▶ [DATA PROVIDED]

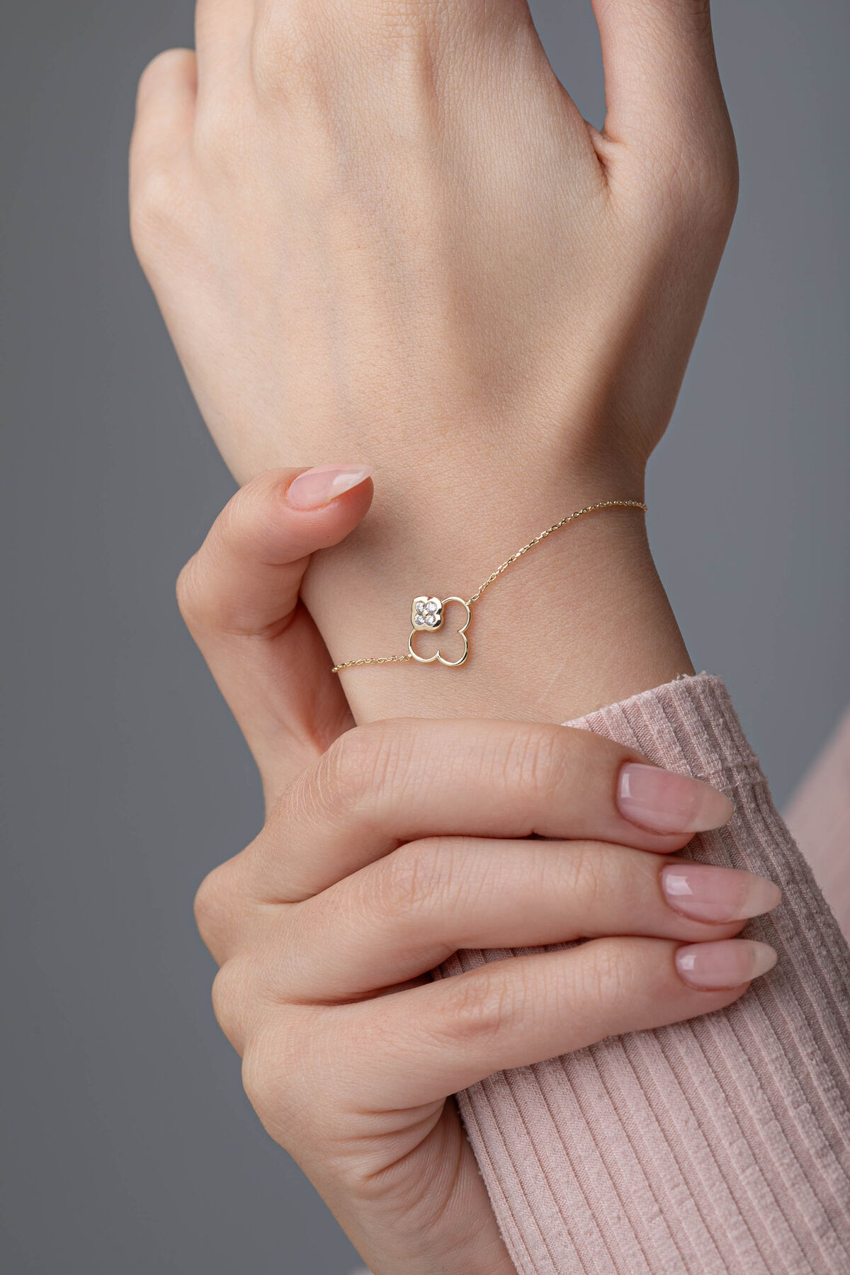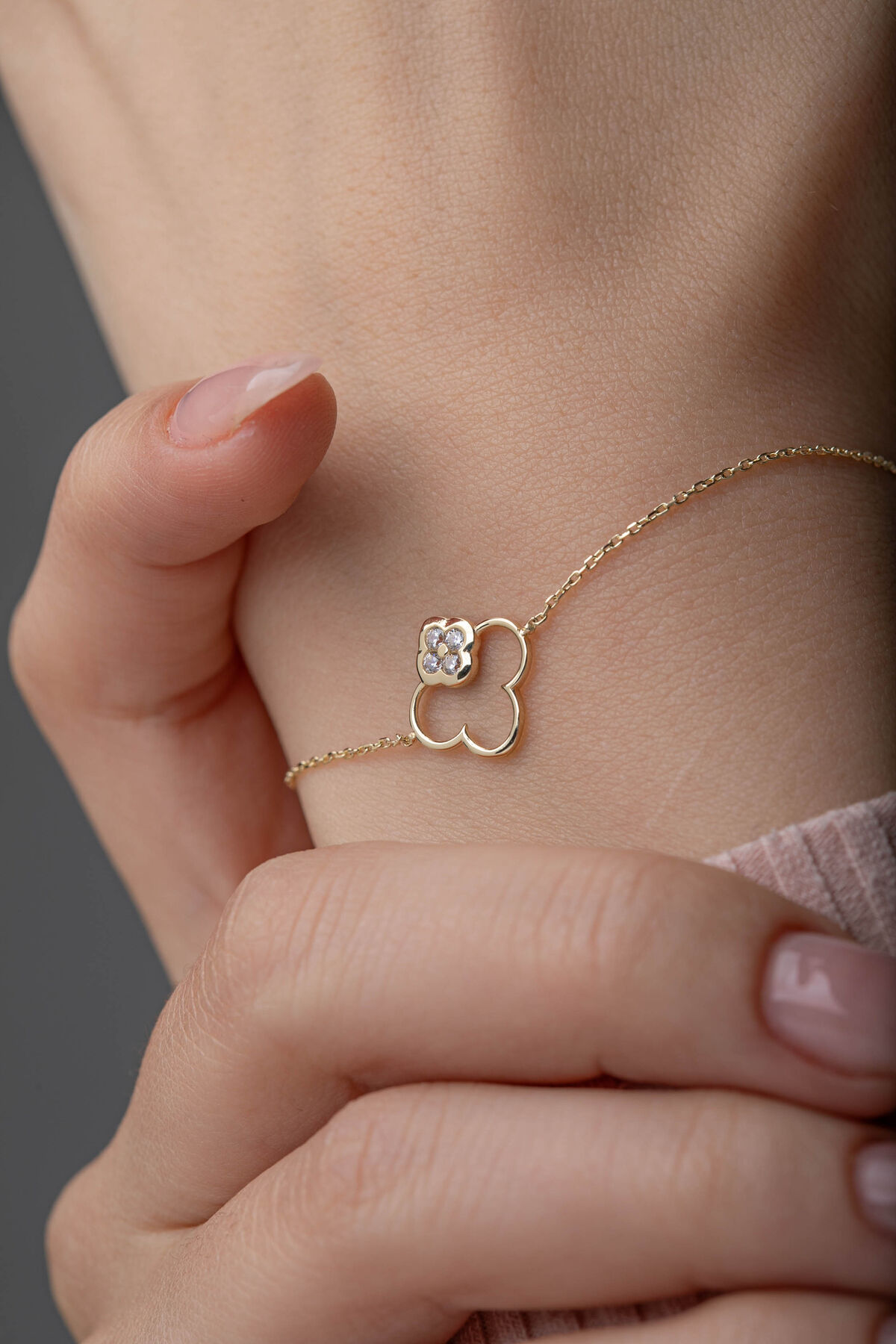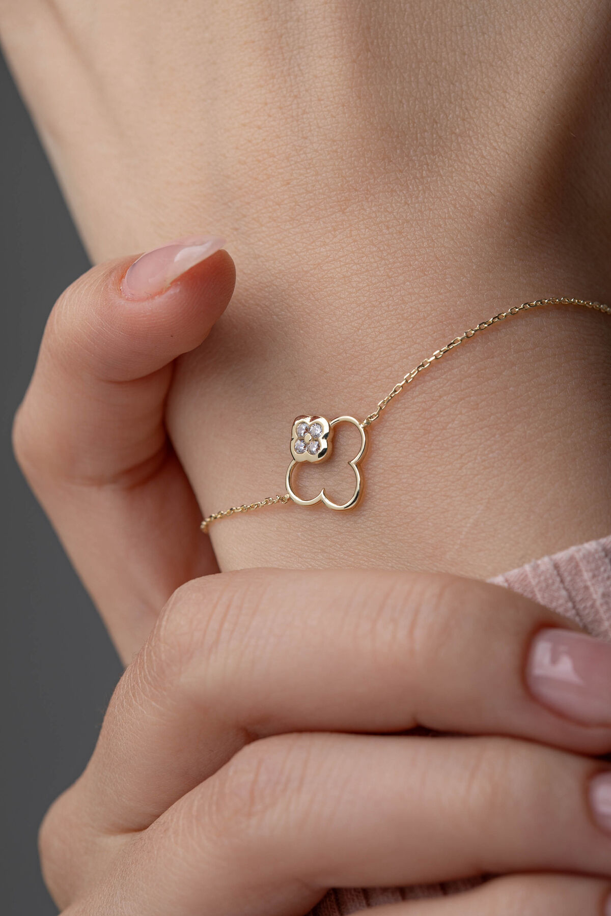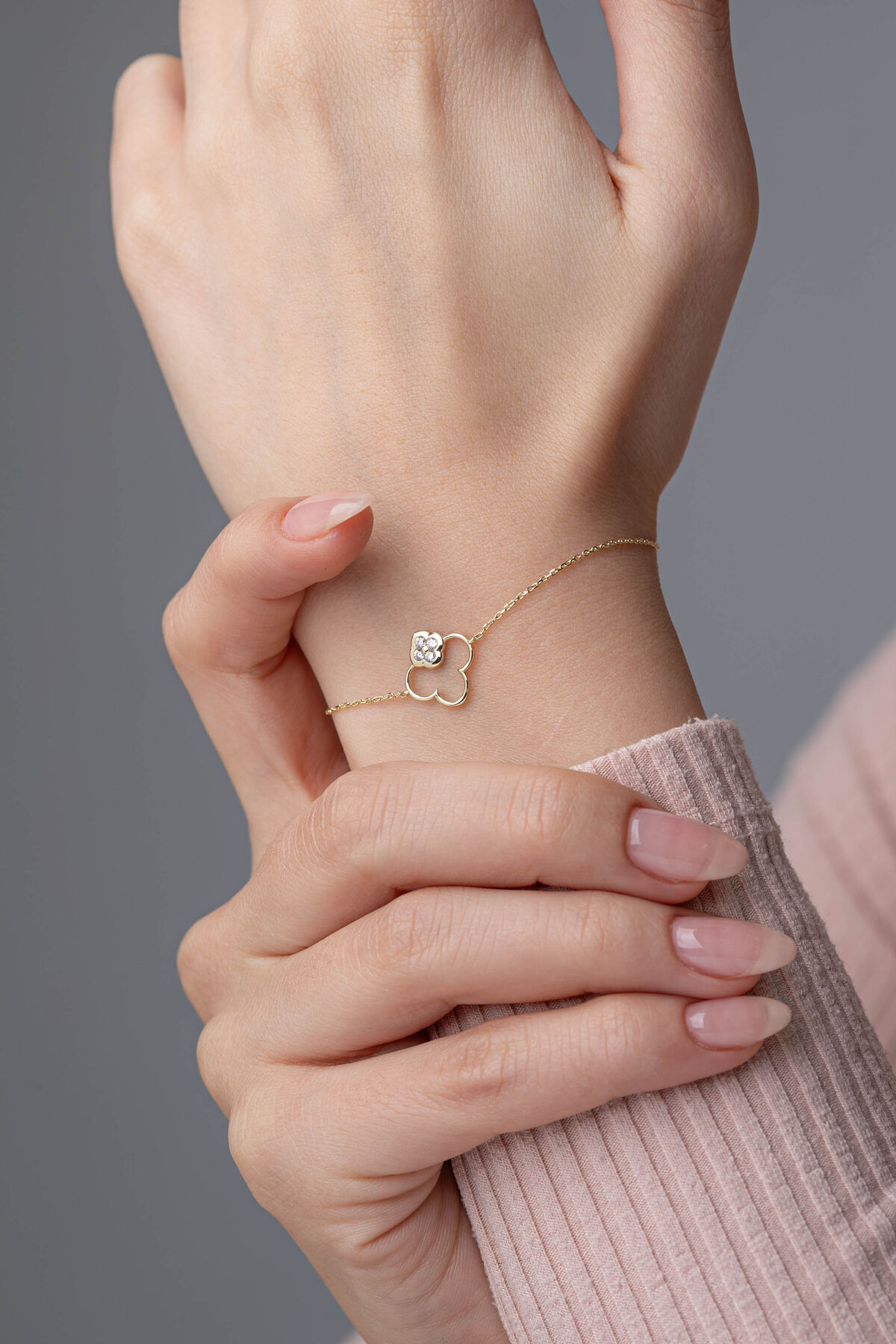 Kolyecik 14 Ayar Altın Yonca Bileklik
---
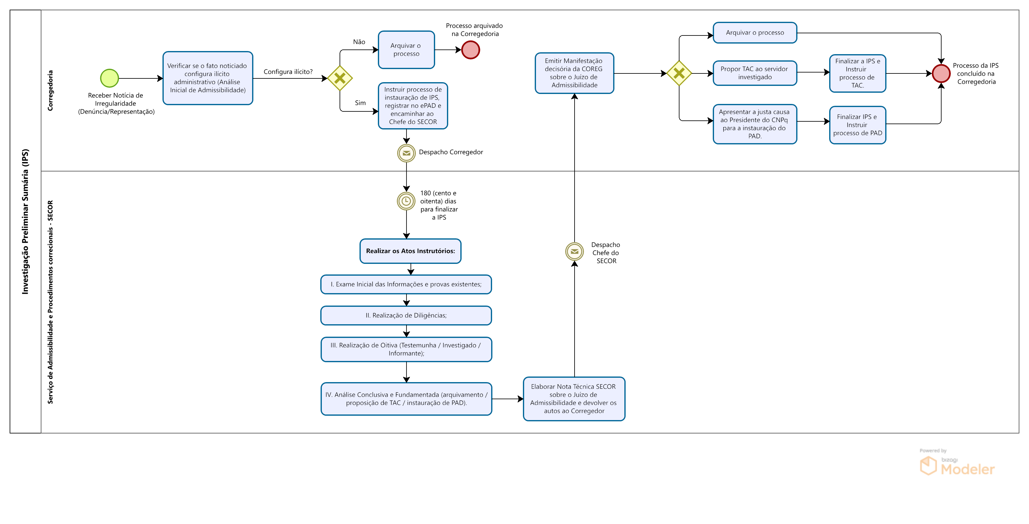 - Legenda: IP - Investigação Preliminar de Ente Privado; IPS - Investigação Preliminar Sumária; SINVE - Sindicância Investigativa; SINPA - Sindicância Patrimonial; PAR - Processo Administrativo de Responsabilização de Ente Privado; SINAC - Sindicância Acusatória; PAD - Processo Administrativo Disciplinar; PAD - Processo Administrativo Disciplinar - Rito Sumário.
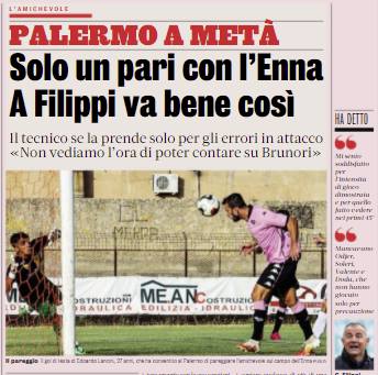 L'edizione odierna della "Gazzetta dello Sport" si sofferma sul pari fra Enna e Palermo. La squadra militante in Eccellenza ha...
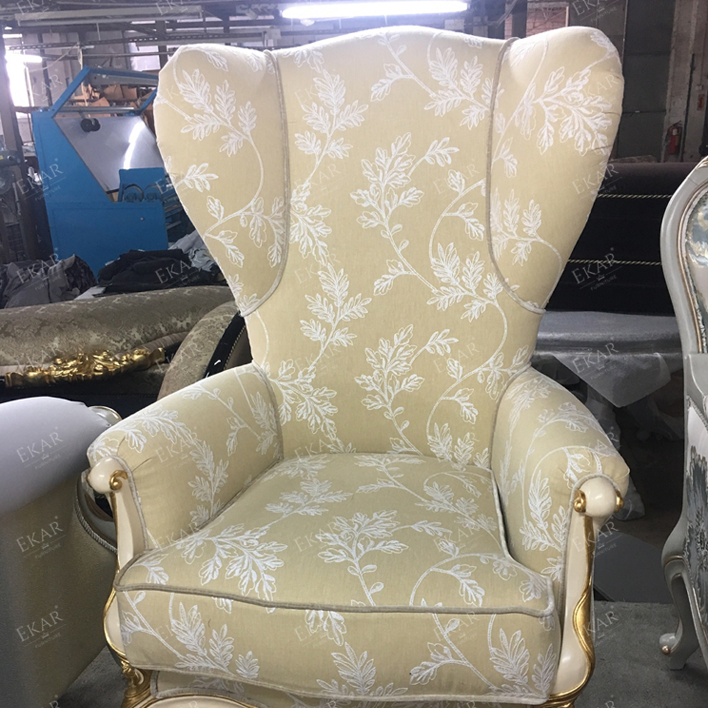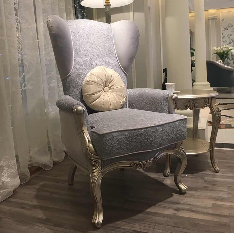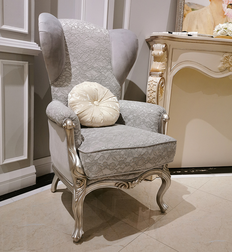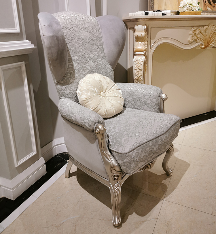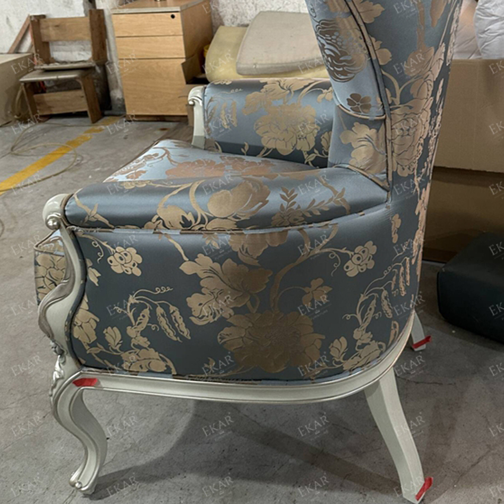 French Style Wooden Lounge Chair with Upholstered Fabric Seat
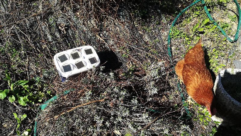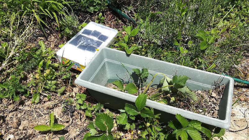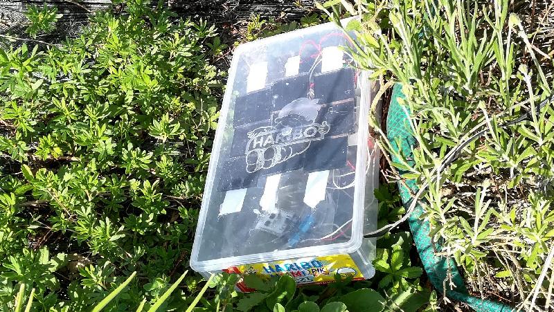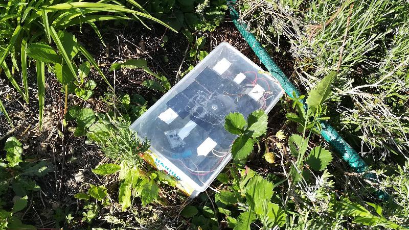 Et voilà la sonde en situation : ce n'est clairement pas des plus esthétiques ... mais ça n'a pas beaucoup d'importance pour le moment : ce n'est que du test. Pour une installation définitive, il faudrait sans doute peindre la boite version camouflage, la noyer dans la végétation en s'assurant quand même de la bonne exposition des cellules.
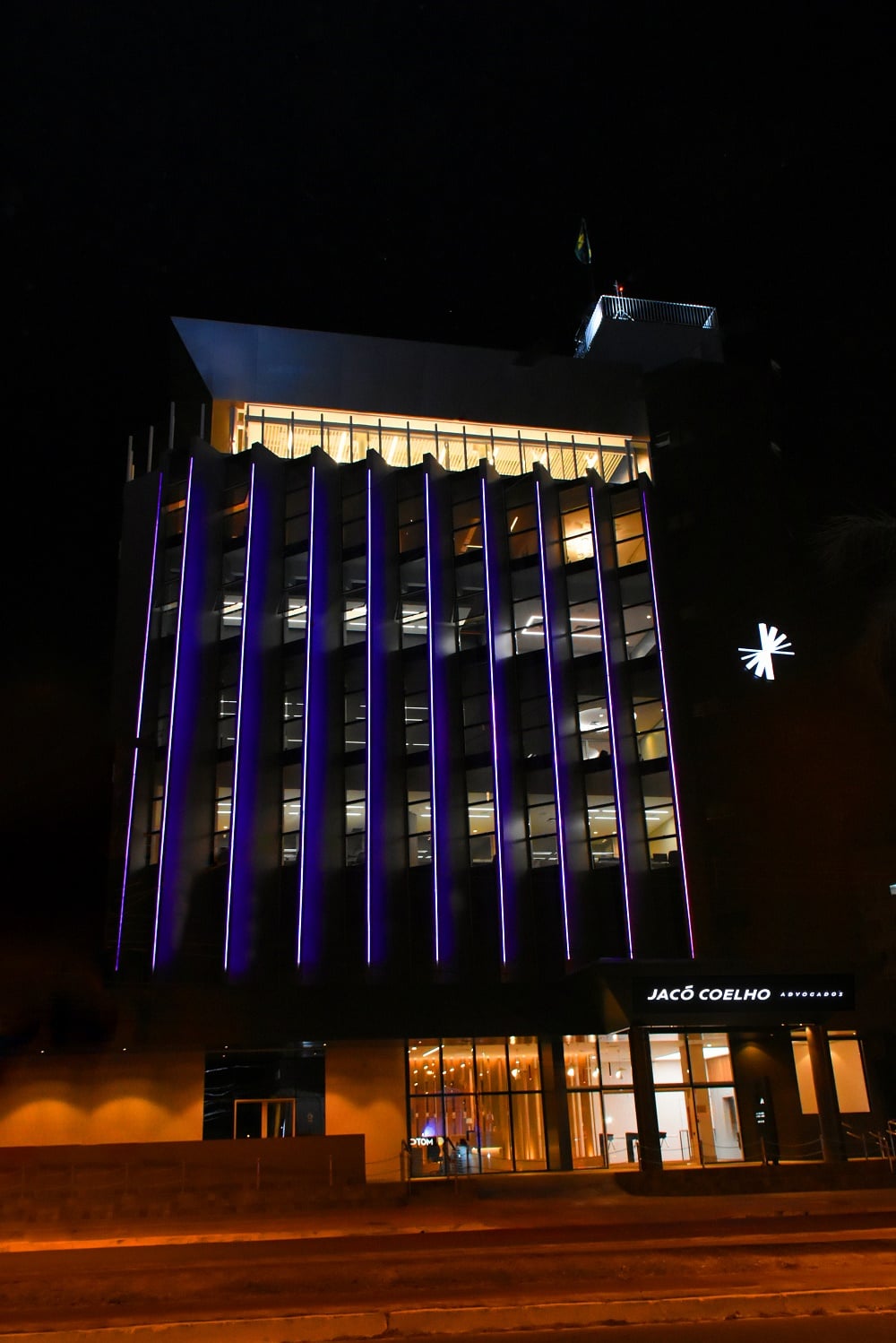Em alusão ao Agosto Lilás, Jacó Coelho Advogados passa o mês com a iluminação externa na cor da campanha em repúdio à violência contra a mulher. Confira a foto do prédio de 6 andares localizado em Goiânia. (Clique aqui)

▶ [TASK]
Given the listing above, retype only the span of lines from the line with "- Legenda: IP" up to and including the line with "French Style Wooden", exactly as it stands and without pictures.

▶ [RESPONSE BOX]
 - Legenda: IP - Investigação Preliminar de Ente Privado; IPS - Investigação Preliminar Sumária; SINVE - Sindicância Investigativa; SINPA - Sindicância Patrimonial; PAR - Processo Administrativo de Responsabilização de Ente Privado; SINAC - Sindicância Acusatória; PAD - Processo Administrativo Disciplinar; PAD - Processo Administrativo Disciplinar - Rito Sumário.
 L'edizione odierna della "Gazzetta dello Sport" si sofferma sul pari fra Enna e Palermo. La squadra militante in Eccellenza ha...
 French Style Wooden Lounge Chair with Upholstered Fabric Seat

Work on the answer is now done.